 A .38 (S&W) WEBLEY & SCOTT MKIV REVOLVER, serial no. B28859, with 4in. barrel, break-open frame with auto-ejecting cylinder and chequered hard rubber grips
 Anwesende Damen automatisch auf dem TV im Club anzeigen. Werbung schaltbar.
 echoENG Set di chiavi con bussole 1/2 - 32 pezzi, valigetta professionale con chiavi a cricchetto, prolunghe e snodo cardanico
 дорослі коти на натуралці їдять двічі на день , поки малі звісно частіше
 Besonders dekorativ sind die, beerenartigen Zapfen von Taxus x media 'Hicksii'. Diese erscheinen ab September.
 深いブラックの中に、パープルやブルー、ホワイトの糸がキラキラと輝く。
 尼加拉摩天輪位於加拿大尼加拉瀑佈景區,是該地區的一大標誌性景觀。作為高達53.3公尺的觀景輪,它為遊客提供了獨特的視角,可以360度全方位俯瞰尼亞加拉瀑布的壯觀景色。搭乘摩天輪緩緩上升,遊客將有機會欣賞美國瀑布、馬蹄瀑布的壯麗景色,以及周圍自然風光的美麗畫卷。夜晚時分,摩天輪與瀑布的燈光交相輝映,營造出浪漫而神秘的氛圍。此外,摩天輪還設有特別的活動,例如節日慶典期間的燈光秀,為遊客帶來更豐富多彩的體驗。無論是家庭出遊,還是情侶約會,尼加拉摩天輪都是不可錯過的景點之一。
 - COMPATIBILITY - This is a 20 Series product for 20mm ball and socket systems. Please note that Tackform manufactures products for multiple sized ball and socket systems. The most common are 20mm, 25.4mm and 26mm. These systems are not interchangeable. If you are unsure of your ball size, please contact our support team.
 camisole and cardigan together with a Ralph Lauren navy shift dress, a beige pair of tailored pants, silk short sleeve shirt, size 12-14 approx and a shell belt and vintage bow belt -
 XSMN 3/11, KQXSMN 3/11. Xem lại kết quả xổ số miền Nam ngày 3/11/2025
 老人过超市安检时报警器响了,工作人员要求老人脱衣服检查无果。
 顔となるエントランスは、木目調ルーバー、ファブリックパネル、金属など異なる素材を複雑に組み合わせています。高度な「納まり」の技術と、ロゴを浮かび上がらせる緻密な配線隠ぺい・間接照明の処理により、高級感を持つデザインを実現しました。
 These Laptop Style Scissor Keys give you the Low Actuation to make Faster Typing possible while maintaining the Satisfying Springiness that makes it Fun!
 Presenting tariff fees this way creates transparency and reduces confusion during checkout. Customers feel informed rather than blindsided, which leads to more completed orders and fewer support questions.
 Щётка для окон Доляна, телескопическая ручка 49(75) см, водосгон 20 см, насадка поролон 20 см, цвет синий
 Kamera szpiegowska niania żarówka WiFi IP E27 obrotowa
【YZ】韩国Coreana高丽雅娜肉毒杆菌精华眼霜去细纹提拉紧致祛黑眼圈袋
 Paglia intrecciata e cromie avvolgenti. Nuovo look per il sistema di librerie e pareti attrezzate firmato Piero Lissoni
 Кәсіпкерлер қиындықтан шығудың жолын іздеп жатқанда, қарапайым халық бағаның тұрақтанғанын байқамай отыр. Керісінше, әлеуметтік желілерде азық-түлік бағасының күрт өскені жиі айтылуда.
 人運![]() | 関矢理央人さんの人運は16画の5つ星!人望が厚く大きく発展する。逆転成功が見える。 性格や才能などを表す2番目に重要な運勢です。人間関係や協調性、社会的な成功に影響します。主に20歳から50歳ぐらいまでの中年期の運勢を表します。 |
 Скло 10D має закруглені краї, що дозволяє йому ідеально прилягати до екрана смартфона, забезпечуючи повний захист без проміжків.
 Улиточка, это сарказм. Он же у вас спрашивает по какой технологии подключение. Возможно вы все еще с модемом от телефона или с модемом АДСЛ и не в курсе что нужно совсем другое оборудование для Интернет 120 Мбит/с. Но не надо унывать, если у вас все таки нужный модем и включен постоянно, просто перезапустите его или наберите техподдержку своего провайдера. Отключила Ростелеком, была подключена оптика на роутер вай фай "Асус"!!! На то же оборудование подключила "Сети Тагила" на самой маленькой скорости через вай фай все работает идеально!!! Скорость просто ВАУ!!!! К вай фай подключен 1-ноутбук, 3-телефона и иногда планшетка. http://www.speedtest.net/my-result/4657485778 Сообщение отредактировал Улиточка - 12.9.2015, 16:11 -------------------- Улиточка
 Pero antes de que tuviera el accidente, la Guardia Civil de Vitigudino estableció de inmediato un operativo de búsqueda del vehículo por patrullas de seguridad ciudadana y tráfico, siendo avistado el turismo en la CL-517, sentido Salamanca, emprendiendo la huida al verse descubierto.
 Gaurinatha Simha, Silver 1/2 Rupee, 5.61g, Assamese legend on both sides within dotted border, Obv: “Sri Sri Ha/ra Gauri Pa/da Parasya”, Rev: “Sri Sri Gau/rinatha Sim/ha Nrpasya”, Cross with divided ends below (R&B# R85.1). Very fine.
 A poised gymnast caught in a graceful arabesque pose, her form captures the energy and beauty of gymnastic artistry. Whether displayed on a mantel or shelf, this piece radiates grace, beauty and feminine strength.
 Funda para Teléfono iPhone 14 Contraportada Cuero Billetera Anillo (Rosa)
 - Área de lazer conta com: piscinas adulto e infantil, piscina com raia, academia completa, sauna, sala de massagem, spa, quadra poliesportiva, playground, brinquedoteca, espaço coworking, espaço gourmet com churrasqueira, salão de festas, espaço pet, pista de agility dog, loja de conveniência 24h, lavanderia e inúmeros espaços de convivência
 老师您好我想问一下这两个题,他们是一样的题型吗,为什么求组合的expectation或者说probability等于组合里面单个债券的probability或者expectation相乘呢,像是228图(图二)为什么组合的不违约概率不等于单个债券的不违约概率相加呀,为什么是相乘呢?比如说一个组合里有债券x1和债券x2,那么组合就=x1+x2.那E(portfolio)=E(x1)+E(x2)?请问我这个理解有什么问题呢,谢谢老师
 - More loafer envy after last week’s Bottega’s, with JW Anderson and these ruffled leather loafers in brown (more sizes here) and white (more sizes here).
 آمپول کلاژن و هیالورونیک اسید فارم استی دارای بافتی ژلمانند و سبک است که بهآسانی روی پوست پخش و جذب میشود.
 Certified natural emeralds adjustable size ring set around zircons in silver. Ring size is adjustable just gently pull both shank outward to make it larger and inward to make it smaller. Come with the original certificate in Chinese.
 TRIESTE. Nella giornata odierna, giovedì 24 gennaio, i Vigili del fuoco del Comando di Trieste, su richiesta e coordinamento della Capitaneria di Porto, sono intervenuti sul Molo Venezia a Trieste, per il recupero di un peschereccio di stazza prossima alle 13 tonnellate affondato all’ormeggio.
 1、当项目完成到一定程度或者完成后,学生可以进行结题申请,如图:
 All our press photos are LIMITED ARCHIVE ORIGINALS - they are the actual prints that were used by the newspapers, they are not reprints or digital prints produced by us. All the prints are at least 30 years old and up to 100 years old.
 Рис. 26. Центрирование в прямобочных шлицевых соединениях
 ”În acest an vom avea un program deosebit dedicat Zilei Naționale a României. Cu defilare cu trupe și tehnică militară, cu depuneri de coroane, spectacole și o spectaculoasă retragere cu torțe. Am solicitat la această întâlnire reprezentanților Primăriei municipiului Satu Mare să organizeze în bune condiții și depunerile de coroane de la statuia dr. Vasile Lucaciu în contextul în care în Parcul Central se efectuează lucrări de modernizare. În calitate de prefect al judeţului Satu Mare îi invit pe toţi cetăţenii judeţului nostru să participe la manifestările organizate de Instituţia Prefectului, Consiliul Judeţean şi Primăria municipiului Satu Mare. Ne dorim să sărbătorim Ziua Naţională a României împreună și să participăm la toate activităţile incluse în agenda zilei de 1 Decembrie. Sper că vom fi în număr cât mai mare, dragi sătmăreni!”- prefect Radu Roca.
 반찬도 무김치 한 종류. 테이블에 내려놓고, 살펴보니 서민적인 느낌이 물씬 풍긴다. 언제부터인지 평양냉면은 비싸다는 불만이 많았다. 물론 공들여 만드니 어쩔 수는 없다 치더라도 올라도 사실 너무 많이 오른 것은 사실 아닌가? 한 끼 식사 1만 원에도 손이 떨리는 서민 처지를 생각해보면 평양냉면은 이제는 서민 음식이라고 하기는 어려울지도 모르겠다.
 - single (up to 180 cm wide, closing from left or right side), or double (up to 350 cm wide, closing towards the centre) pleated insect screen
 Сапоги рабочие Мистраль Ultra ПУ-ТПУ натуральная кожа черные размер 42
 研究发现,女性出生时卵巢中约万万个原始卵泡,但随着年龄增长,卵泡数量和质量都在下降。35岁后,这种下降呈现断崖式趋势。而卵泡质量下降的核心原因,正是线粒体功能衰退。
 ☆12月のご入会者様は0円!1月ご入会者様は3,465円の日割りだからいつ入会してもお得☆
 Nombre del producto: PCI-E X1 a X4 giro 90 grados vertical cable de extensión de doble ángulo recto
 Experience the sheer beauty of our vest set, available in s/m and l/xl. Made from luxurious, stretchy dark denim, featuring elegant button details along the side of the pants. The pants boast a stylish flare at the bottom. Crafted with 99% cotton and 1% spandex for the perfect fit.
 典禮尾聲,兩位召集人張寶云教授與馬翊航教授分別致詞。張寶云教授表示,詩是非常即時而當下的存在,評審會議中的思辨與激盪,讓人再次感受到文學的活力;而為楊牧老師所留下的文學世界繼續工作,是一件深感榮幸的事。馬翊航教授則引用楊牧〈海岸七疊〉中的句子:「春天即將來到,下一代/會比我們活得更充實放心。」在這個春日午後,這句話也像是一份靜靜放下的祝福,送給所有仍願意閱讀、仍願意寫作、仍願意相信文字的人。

════════════════

### Task goal
Return each line from the data where the string "pants" can be found.

### The completed task
 camisole and cardigan together with a Ralph Lauren navy shift dress, a beige pair of tailored pants, silk short sleeve shirt, size 12-14 approx and a shell belt and vintage bow belt -
 Experience the sheer beauty of our vest set, available in s/m and l/xl. Made from luxurious, stretchy dark denim, featuring elegant button details along the side of the pants. The pants boast a stylish flare at the bottom. Crafted with 99% cotton and 1% spandex for the perfect fit.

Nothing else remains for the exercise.